■ YOUR GOAL ■
In the material below, find the line containing "(9月30日の推進員等研修会)" and the line containing "老舗「千房」の鹿児島黒豚モダン焼き 下: 「たこ昌」の明石焼(5個入)". Output those two lines and all lines between them exactly, without pictures.

________________________________________

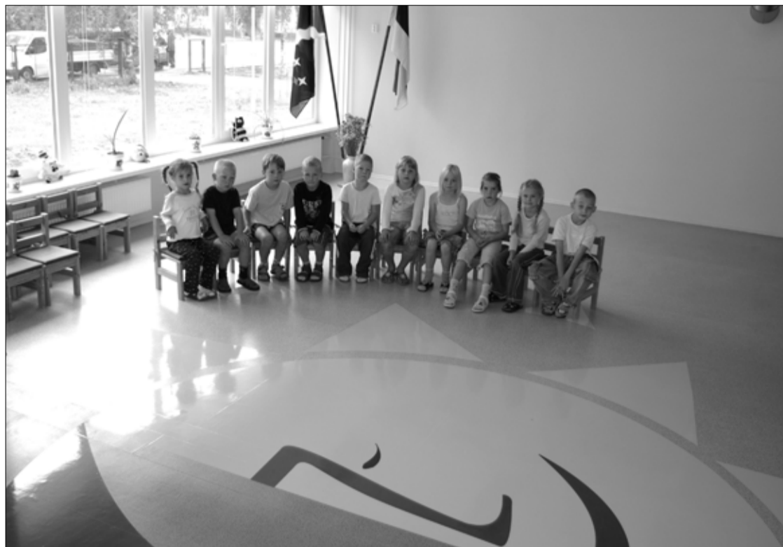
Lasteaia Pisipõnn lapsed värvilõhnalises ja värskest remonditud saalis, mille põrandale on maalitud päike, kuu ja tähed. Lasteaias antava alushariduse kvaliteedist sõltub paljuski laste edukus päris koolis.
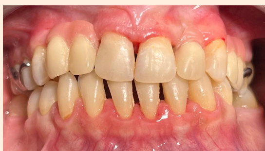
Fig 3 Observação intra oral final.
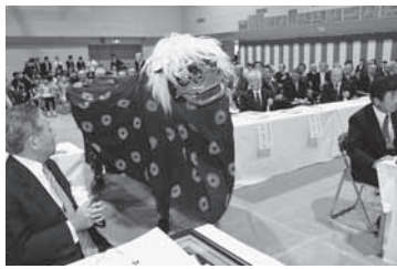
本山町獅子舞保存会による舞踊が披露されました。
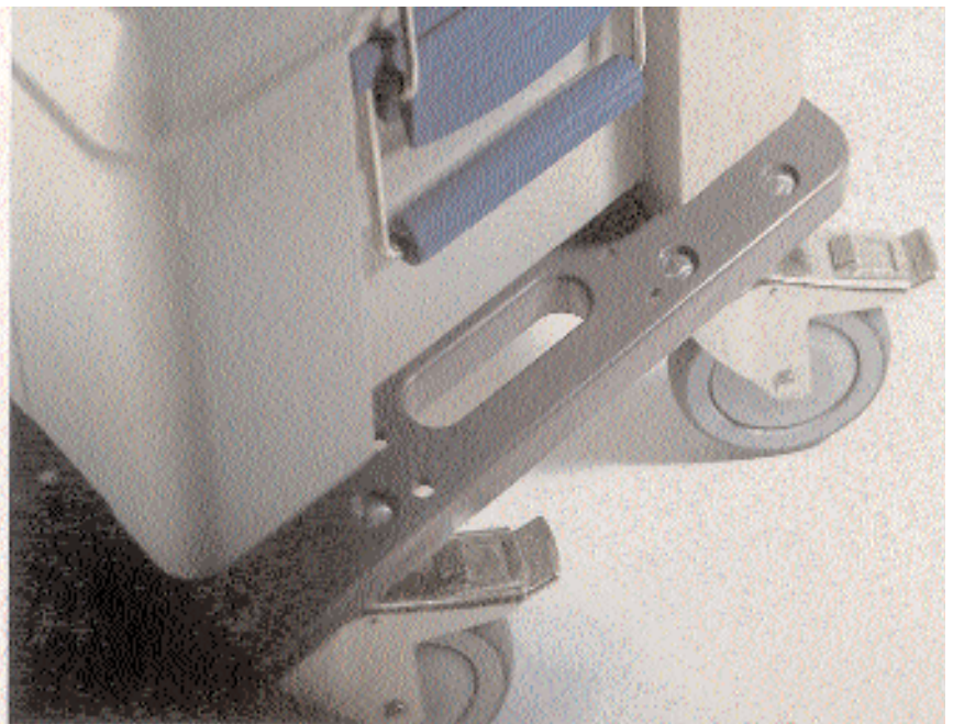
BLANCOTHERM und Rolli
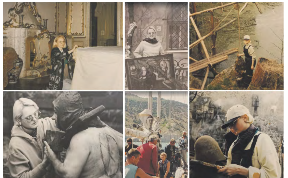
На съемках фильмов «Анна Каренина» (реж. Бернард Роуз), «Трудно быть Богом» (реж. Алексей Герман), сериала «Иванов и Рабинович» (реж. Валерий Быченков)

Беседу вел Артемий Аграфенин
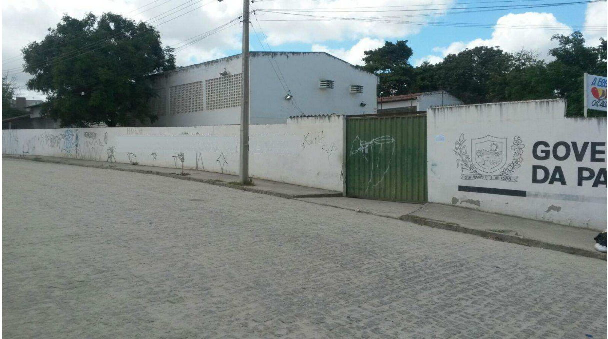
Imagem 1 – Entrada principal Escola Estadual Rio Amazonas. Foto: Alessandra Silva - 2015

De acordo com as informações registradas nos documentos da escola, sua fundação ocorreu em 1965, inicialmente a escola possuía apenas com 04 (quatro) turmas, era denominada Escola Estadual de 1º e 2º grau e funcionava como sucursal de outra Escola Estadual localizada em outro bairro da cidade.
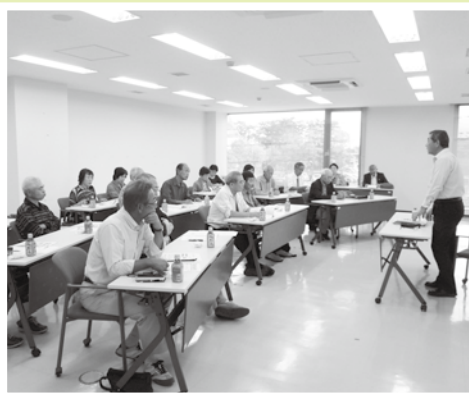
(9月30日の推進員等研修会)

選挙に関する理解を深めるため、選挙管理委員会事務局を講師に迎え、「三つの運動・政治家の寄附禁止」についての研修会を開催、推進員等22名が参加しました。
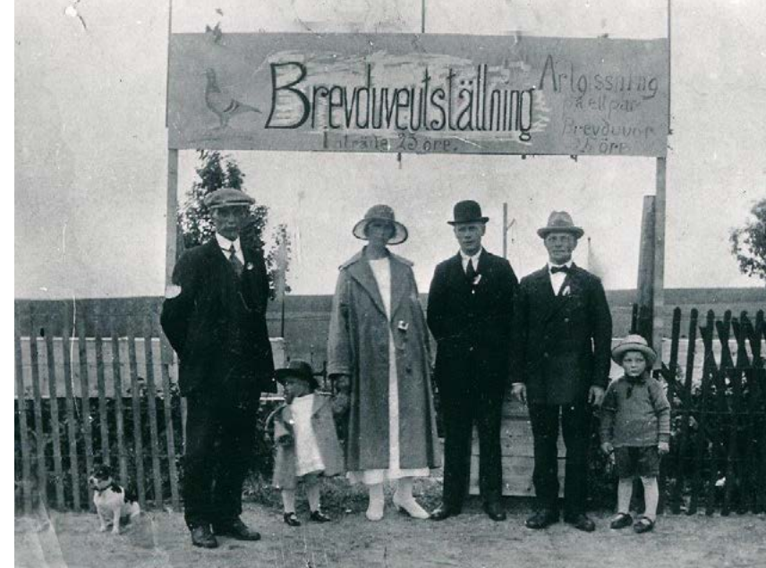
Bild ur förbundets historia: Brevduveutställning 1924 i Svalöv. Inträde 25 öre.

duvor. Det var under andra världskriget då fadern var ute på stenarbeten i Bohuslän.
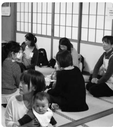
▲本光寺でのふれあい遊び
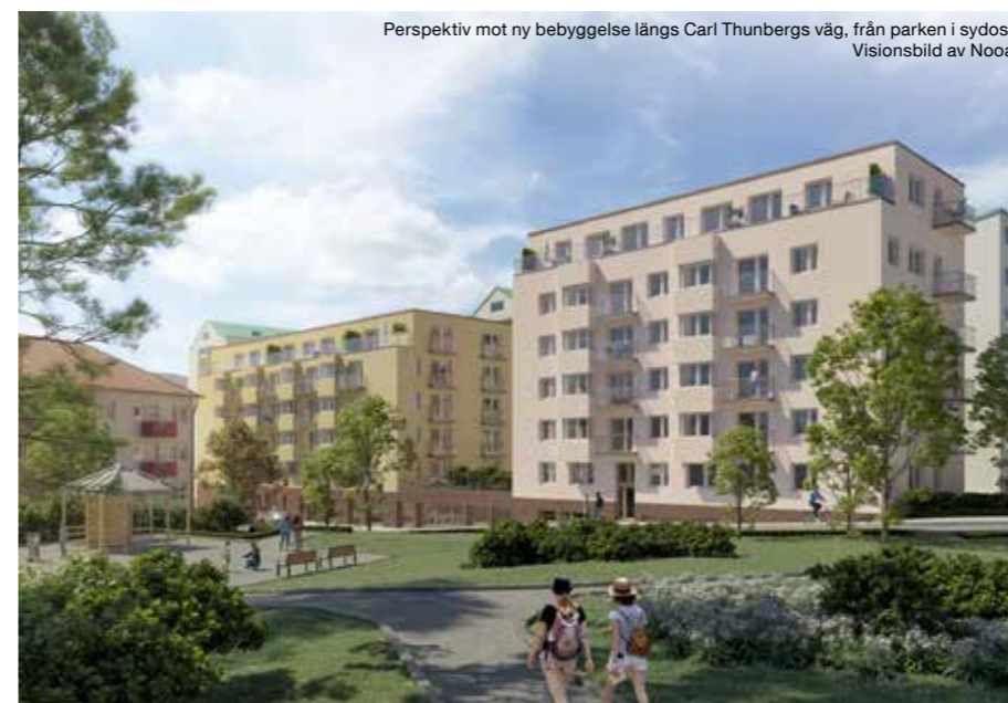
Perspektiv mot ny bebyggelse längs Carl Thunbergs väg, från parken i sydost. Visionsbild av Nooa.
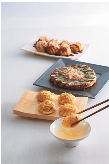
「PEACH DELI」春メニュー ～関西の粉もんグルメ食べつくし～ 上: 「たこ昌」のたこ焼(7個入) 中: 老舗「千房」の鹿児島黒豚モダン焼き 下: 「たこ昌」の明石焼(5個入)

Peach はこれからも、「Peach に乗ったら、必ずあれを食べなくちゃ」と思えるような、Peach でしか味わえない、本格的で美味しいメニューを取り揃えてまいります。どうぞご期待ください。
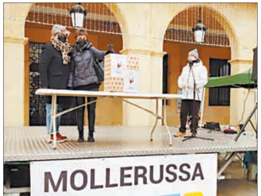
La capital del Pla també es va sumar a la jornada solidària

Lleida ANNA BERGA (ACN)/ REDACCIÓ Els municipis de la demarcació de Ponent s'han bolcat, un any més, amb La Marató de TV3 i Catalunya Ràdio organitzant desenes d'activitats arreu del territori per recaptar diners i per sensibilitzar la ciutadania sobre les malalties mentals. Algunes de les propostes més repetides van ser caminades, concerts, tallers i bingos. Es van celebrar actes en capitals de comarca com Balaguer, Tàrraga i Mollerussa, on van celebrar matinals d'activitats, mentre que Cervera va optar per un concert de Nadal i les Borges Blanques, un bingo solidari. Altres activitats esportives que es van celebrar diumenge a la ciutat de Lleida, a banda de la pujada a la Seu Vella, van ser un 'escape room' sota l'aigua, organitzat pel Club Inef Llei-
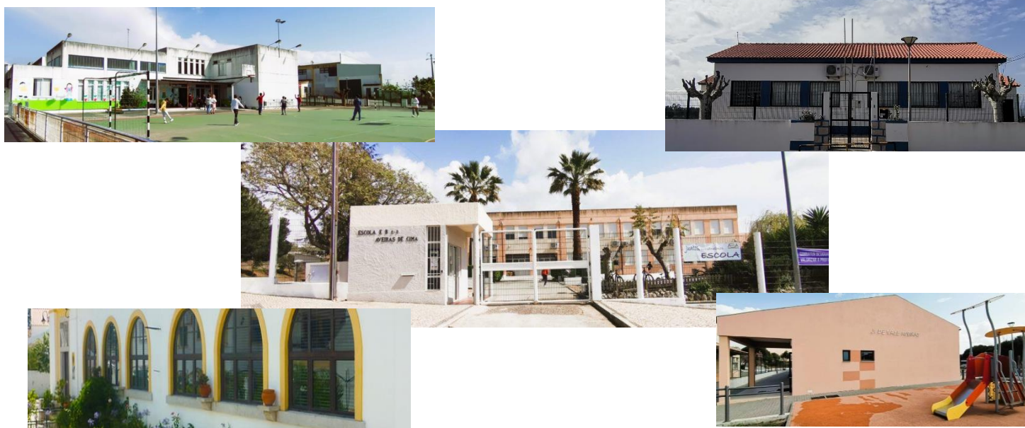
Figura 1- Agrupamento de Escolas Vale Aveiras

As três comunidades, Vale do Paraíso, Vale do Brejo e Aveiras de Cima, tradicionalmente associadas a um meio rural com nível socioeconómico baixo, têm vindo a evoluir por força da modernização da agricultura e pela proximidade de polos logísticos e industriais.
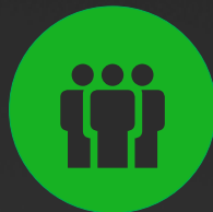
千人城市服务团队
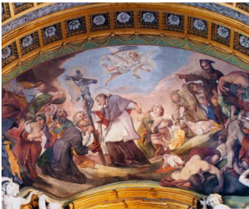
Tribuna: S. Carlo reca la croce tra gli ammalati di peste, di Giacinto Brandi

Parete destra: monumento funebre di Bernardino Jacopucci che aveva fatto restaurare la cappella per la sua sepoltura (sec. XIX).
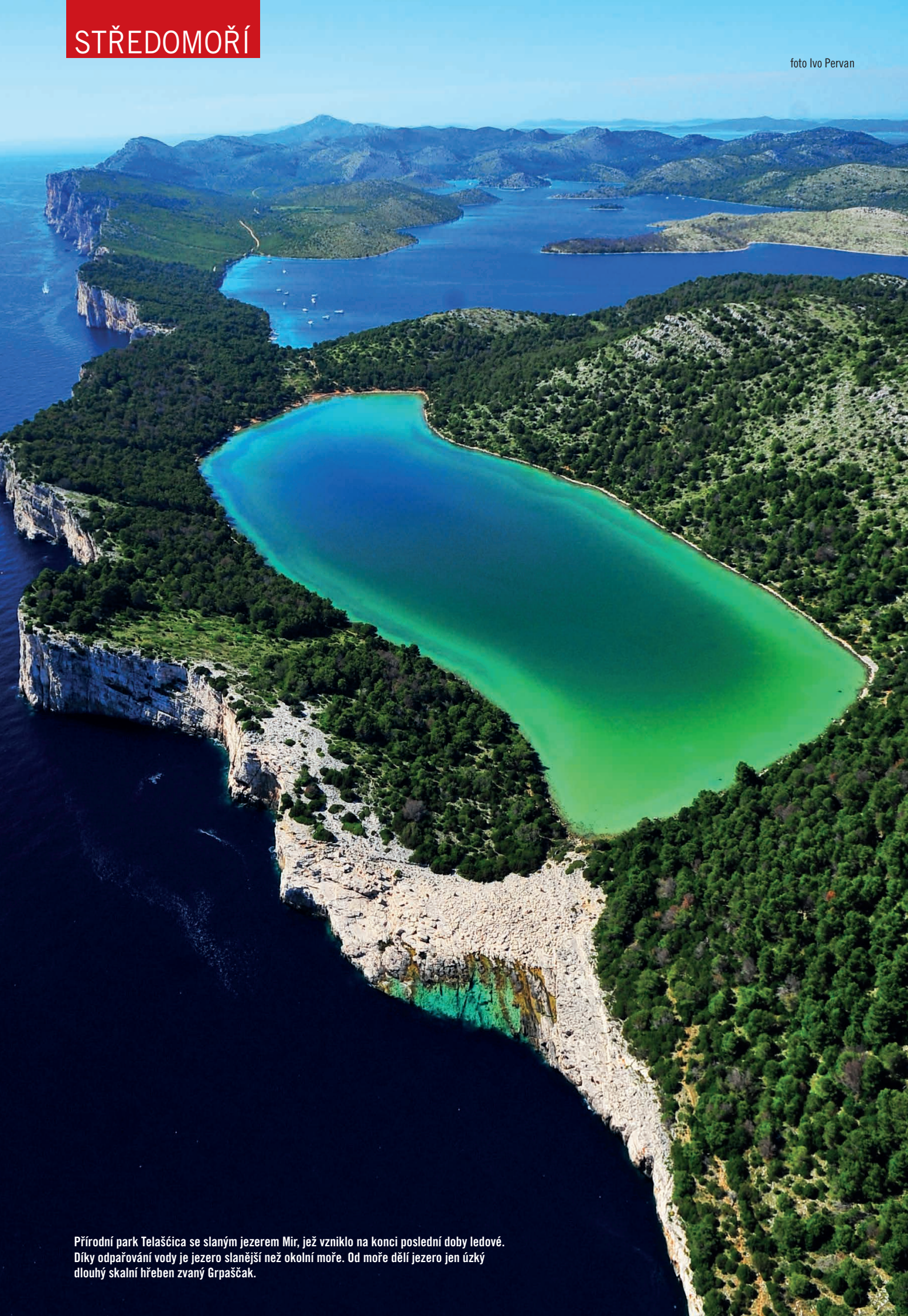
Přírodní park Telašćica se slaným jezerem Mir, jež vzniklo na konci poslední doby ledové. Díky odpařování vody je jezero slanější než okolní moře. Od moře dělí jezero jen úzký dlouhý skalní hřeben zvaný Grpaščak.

________________________________________

■ SOLUTION FOR THIS PROBLEM ■
(9月30日の推進員等研修会)

選挙に関する理解を深めるため、選挙管理委員会事務局を講師に迎え、「三つの運動・政治家の寄附禁止」についての研修会を開催、推進員等22名が参加しました。
Bild ur förbundets historia: Brevduveutställning 1924 i Svalöv. Inträde 25 öre.

duvor. Det var under andra världskriget då fadern var ute på stenarbeten i Bohuslän.
▲本光寺でのふれあい遊び
Perspektiv mot ny bebyggelse längs Carl Thunbergs väg, från parken i sydost. Visionsbild av Nooa.
「PEACH DELI」春メニュー ～関西の粉もんグルメ食べつくし～ 上: 「たこ昌」のたこ焼(7個入) 中: 老舗「千房」の鹿児島黒豚モダン焼き 下: 「たこ昌」の明石焼(5個入)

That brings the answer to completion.